NOBULL: COOL news due any day now — News adn views from the meat packers…

COOL news due any day now

By Lisa M. Keefe on 3/21/2014

PALM SPRINGS, Calif. — Lawyers for the organizations that filed a lawsuit against current country-of-origin labeling rules say a decision is due any day on their quest to prevent the USDA from enforcing those rules, according to John Dillard, an attorney with Olsson Frank Weeda Terman Matz, which represents the North American Meat Association.

Dillard updated NAMA members at their management conference and annual meeting, convening here this week.

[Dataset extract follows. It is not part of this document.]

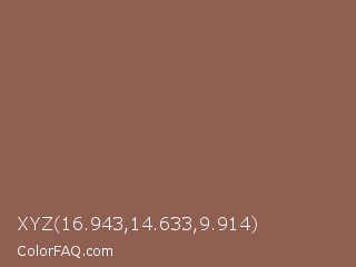 XYZ 16.943,14.633,9.914 Color is a normal red color and the nearest color is Spicy Mix #8b5f4d. Hex code #8f5f52 and RGB value is rgb(143,95,82). In RGB color space, this color is composed of 56% red, 37% green, 32% blue, In CMYK color space, this color is composed of 0% cyan, 34% magenta, 43% yellow , 44% black , In HSL color space, this color has a hue angle of 13° , 27% saturation and 44% lightness.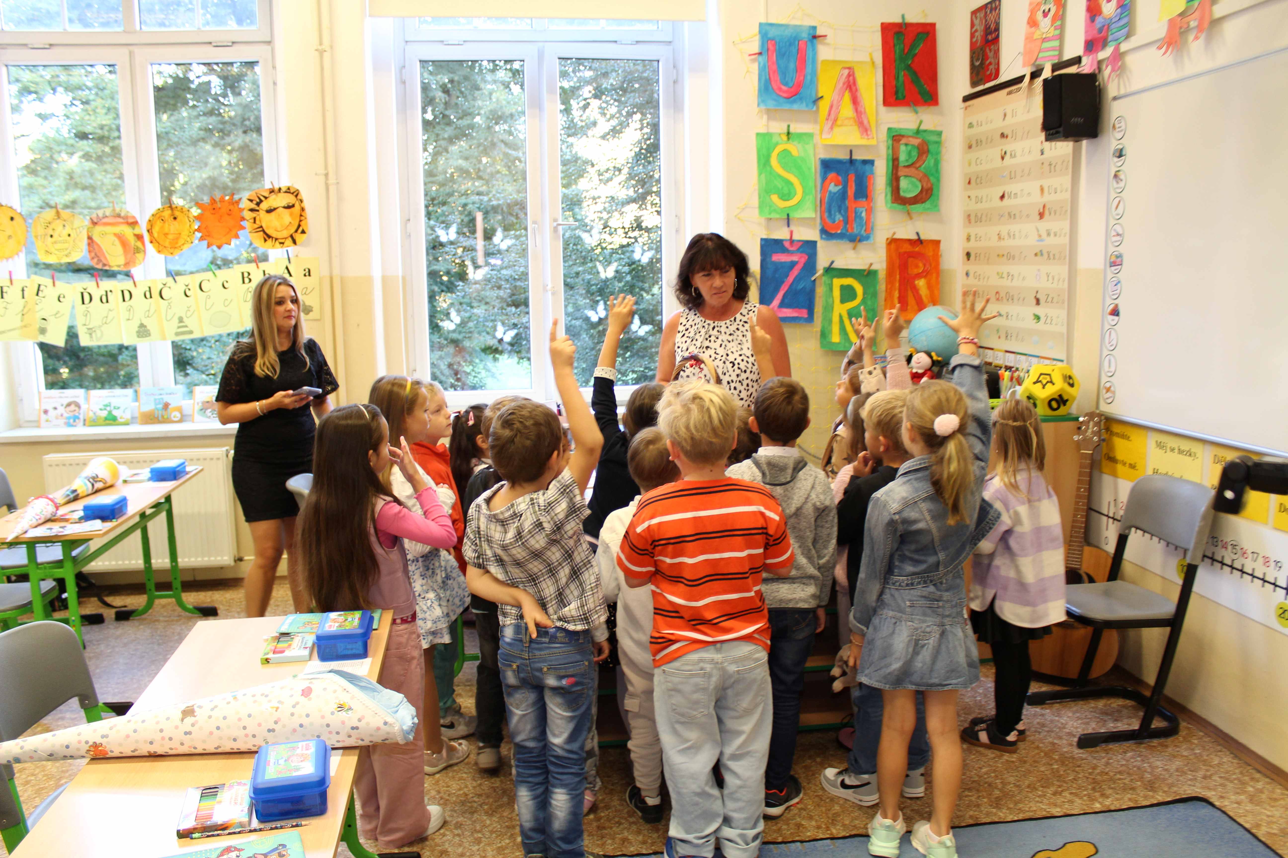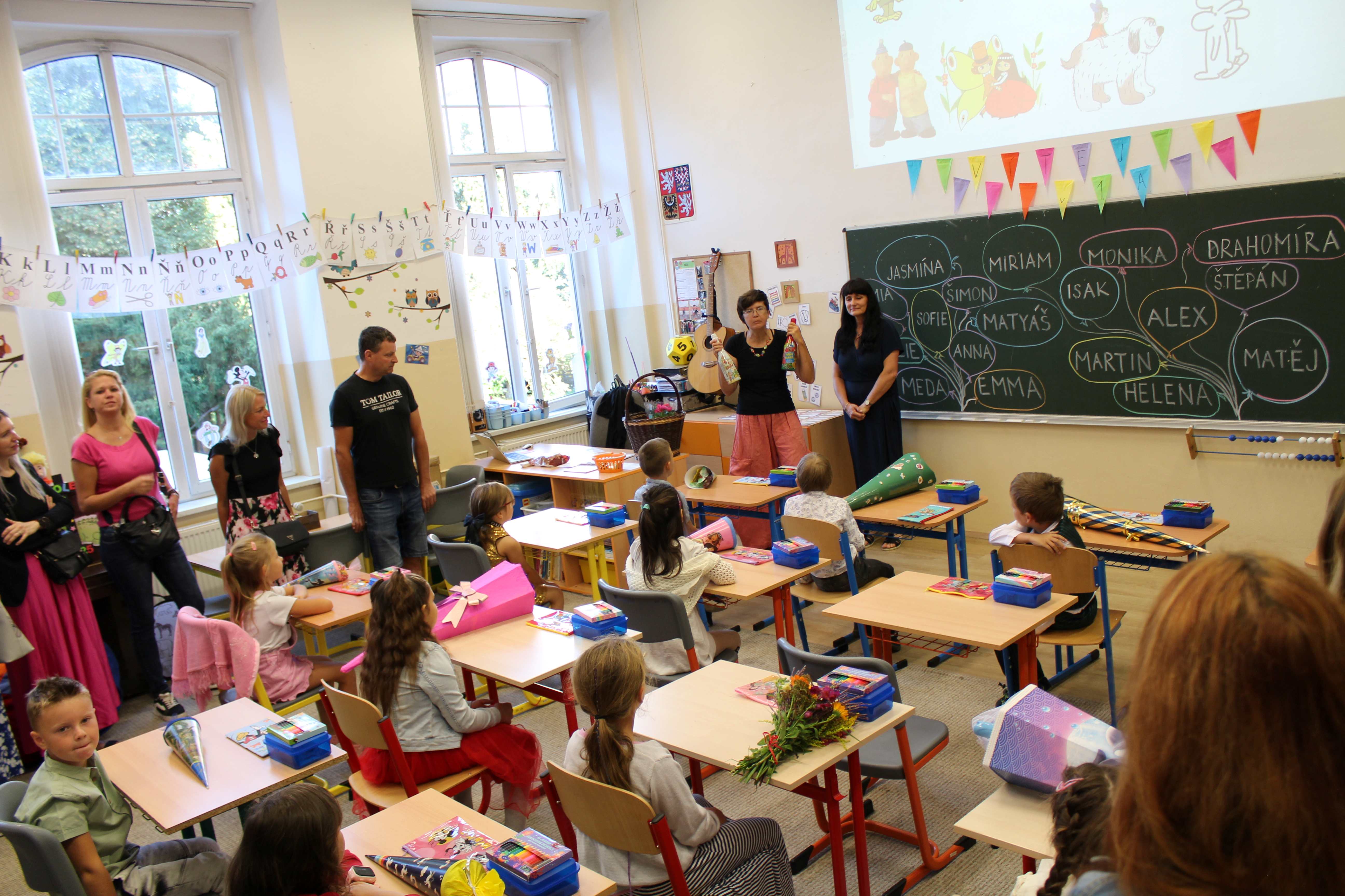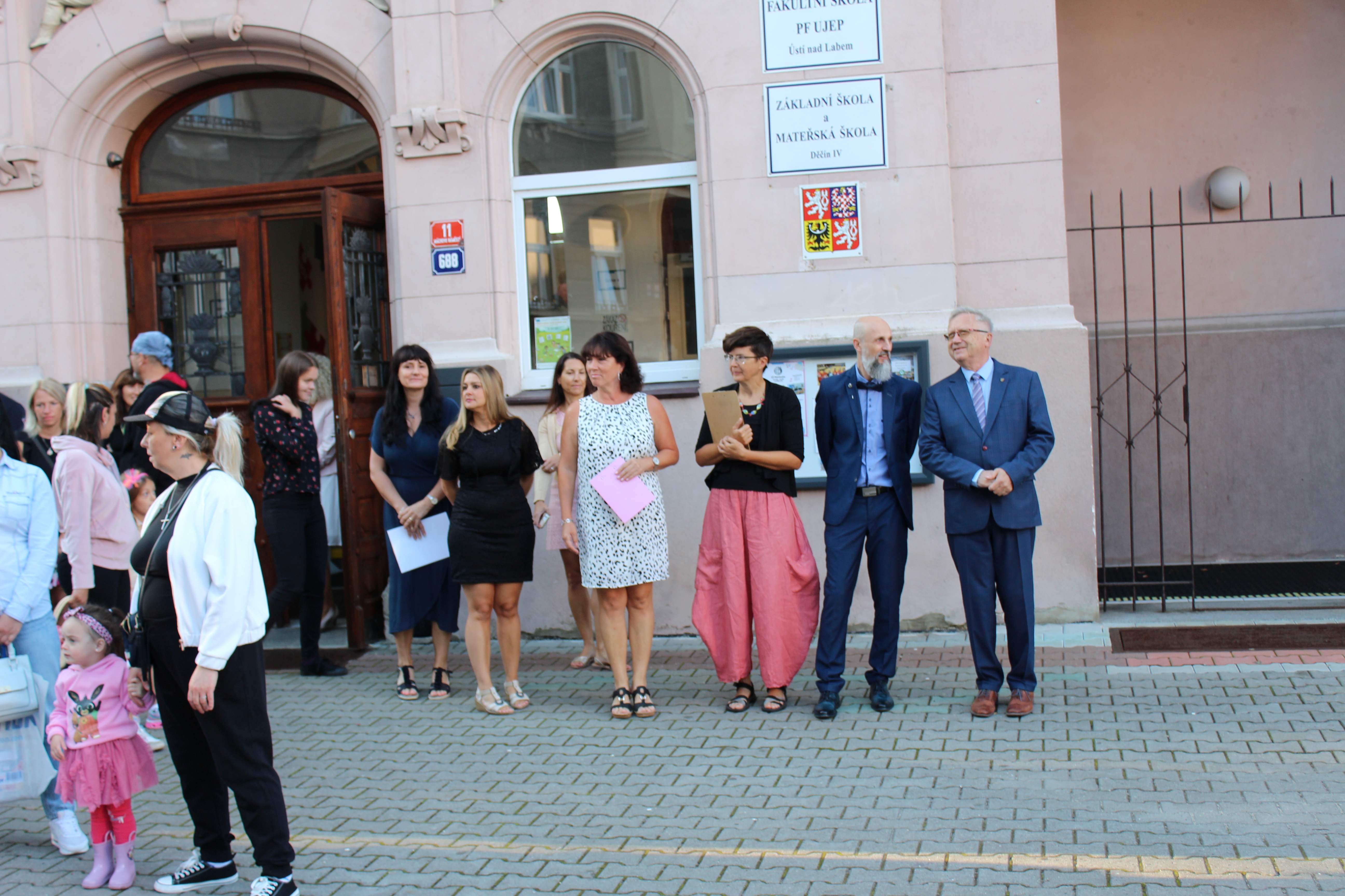 Konec prázdnin zaklepal na dveře a dnes 1. září se před budovou naší krásné školy shromáždila kupa natěšených prvňáčků a jejich pyšní rodiče a prarodiče. Malé školáky přišel přivítat primátor města Děčín Ing. Jiří Anděl, ředitel naší školy Mgr. Martin Lána a zástupkyně školy Mgr. Linda Řešátková. Na malé školáky čekaly samozřejmě také jejich nové třídní učitelky Mgr. Monika Kociánová a Mgr. Šárka Michálková, které se na ně velmi těšily. Po úvodních slavnostních slovech se všechny děti vydaly se svými učitelkami do budovy školy, aby si prohlédly krásně nazdobené třídy a náležitě se v nich zabydlely. My přejeme všem prvňáčkům, aby se jim v naší škole líbilo a aby zde prožili plno krásných chvil plných her, zábavy, učení a objevování nových věcí!

NAMA and the other industry organizations that joined in the lawsuit, including the American Meat Institute, presented their arguments to the appellate court judges in January. Based on past experience, Dillard said, the judges for this court hand down their decisions a little more than two months after arguments are presented — which means he believes they could make their decision at any time.

A decision in the plaintiffs’ favor would halt the enforcement of the COOL rules, as they were handed down in May 2013, while the legal question of whether the rules are even constitutional is hashed out in another court.

An appellate court decision is the only major event in the ongoing COOL saga that is expected anytime soon, Dillard noted. Canada and Mexico’s challenge to the rules before the World Trade Organization is expected to get a ruling in June, although the losing side likely will appeal again, so realistically no concrete developments will be forthcoming from the WTO before 2015.

Dillard noted that, despite the failure of the U.S. Congress to address the COOL controversy in the most recent farm bill, as had been hoped, a legislative fix is still on the horizon. Specifically, Canada and Mexico have threatened retaliatory tariffs targeting those industries important to Congress’s ag leadership. If Canada and Mexico win their challenge before the WTO, and those tariffs move closer to reality, then it’s likely that Congress will be prompted to move on the COOL issue — noting, though, that that won’t happen for at least another 18 months or so.

Such a new law “likely would pass during a lame duck session of Congress,” Dillard said. “Stay optimistic. We will eventually find a solution.”